◆ **The task**
Reproduce word for word the lines of the listing from the first one through the one with "Stillingen i Danmarksseriens", omitting every picture.

◆ **The data**

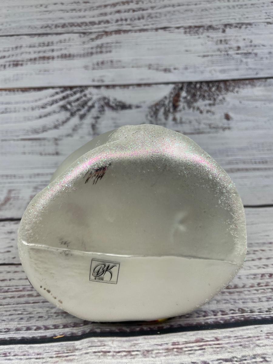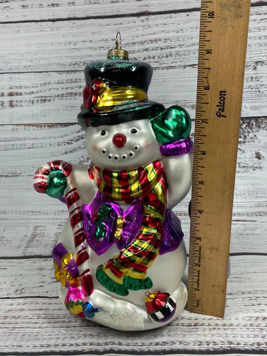 Item is in great condition but the sparkles do come off. The ornament is big and can be used as a statue or decoration as well. The snowman is approximately 9” tall.
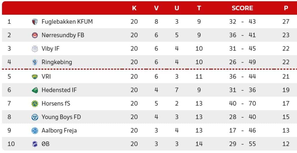 Stillingen i Danmarksseriens Kvalifikationsspil Pulje 1 efter lørdagens kampe:
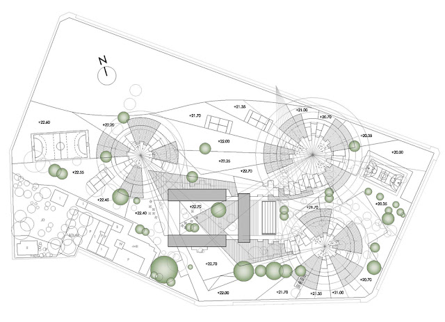 En este proyecto de Sociópolis de la Bienal de Valencia del 2003, que también me envía Sergi, las pistas de atletismo sugieren diferentes recorridos y actúan como elemento unificador del conjunto.
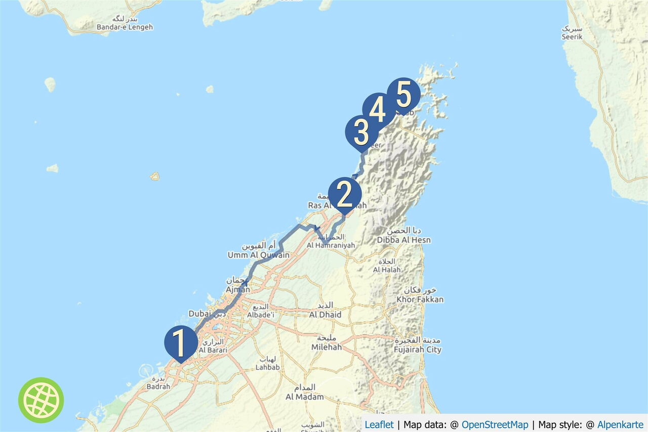 Mit Hilfe des Garmin-Navi fahren wir vom Hotel Holiday Inn Express bei N25 06.254 E55 09.974 zum Hotel Atana Musandam bei N26 12.083 E56 15.032.
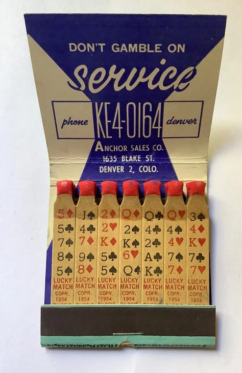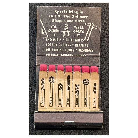 It’s easy enough to see the appeal. A well-designed matchbook cover is like a miniature poster, plus there’s the nostalgic charm and the pyro factor. In addition, some matchbooks, called feature books, offer the bonus fun of having designs printed on the matchsticks (click thumbnails for larger versions):
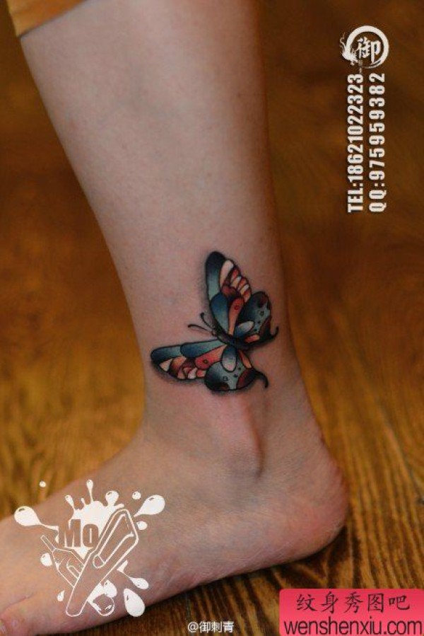 女生脚踝处小巧精美的彩色蝴蝶纹身图案
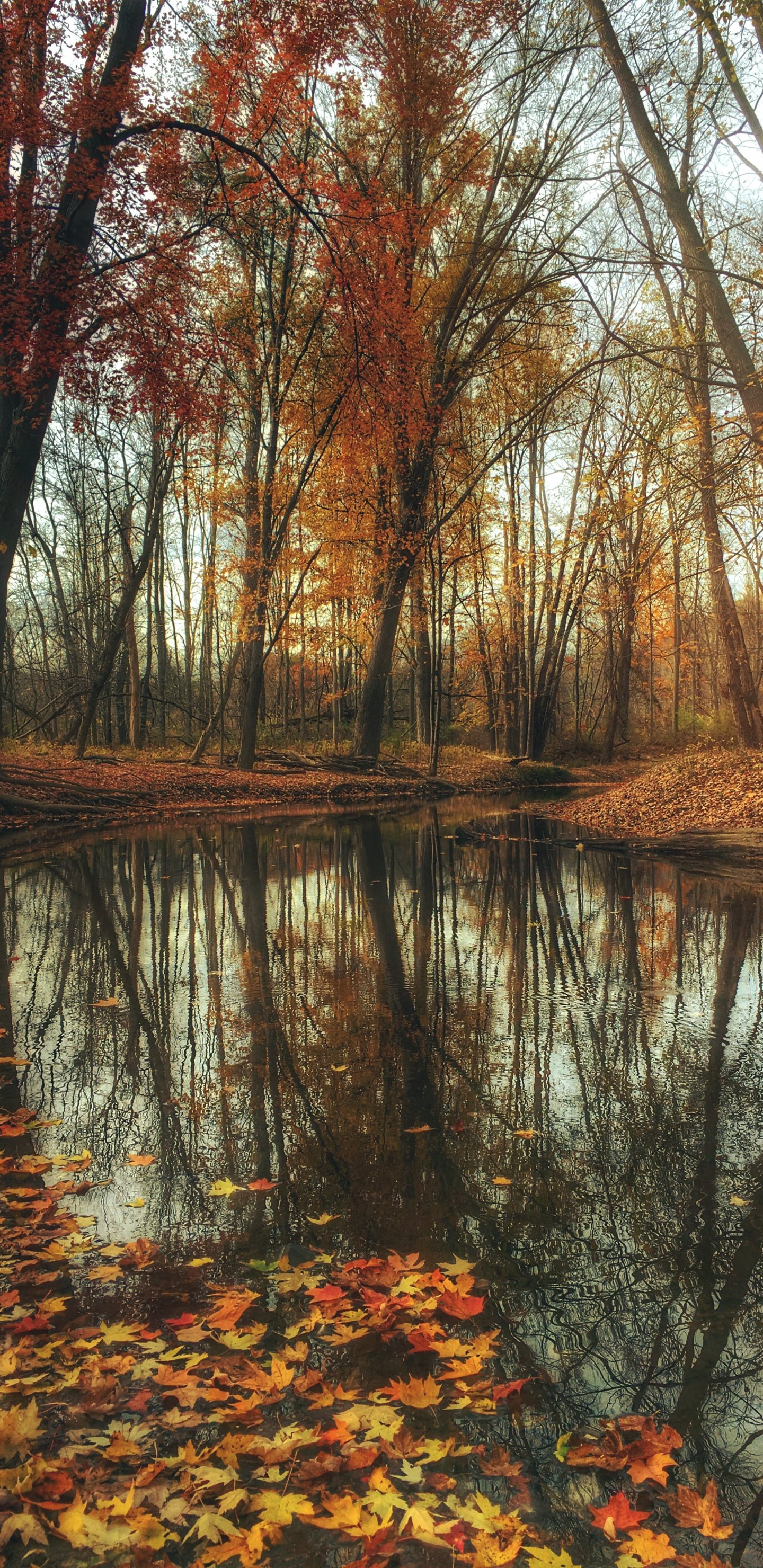 Обои: осенний лес, пруд, коричневый - 1440x2960
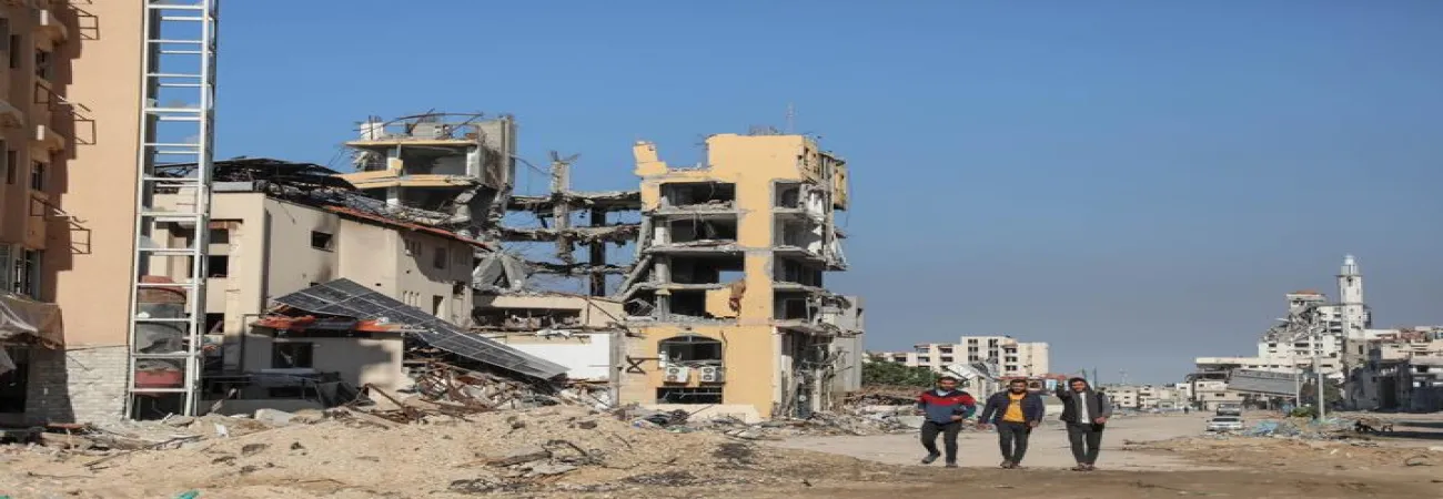 اسرائیلی حملوں سے غزہ شہر میں ہونے والی تباہی کا ایک منظر۔(شِنہوا)
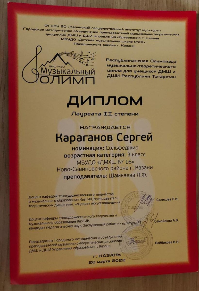 Караганов С.- Лауреат II степени олимпиады "Музыкальный олимп".jpg
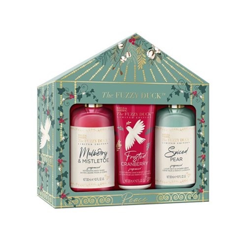 Sprchový a koupelový krém Kořeněná hruškaNádherně hladký a bohatý sprchový krém je šetrný k pokožce, účinně čistí a vytváří intenzivní pěnu. Zanechá pokožku hydratovanou a jemně provoněnou. Použití: Naneste na vlhkou pokožku, napěňte a důkladně opláchněte Mléko na tělo a ruce BrusinkaVýživné mléko dodá pokožce potřebnou hydrataci a úlevu od pocitu suchosti. Zanechává ji hebkou, vláčnou a příjemně provoněnou šťavnatou brusinkou. Použití: Naneste na suchou a čistou pokožku, vmasírujte, dokud se zcela nevstřebá. Sprchový gel Moruše & JmelíŠetrně čistí pokožku, vytváří bohatou pěnu a zanechává pokožku hebkou na dotek. Uvolňuje dlouhotrvající vůni pro pravou vánoční atmosféru. Použití: Naneste na vlhkou pokožku, napěňte a opláchněte. Upozornění:Pouze pro vnější použití. Vyhněte se kontaktu s očima a očním okolím.Při jakýchkoliv známkách podráždění přestaňte používat. Doplňující informace:Vegan & Cruelty Free

◆ **Response**
 Item is in great condition but the sparkles do come off. The ornament is big and can be used as a statue or decoration as well. The snowman is approximately 9” tall.
 Stillingen i Danmarksseriens Kvalifikationsspil Pulje 1 efter lørdagens kampe:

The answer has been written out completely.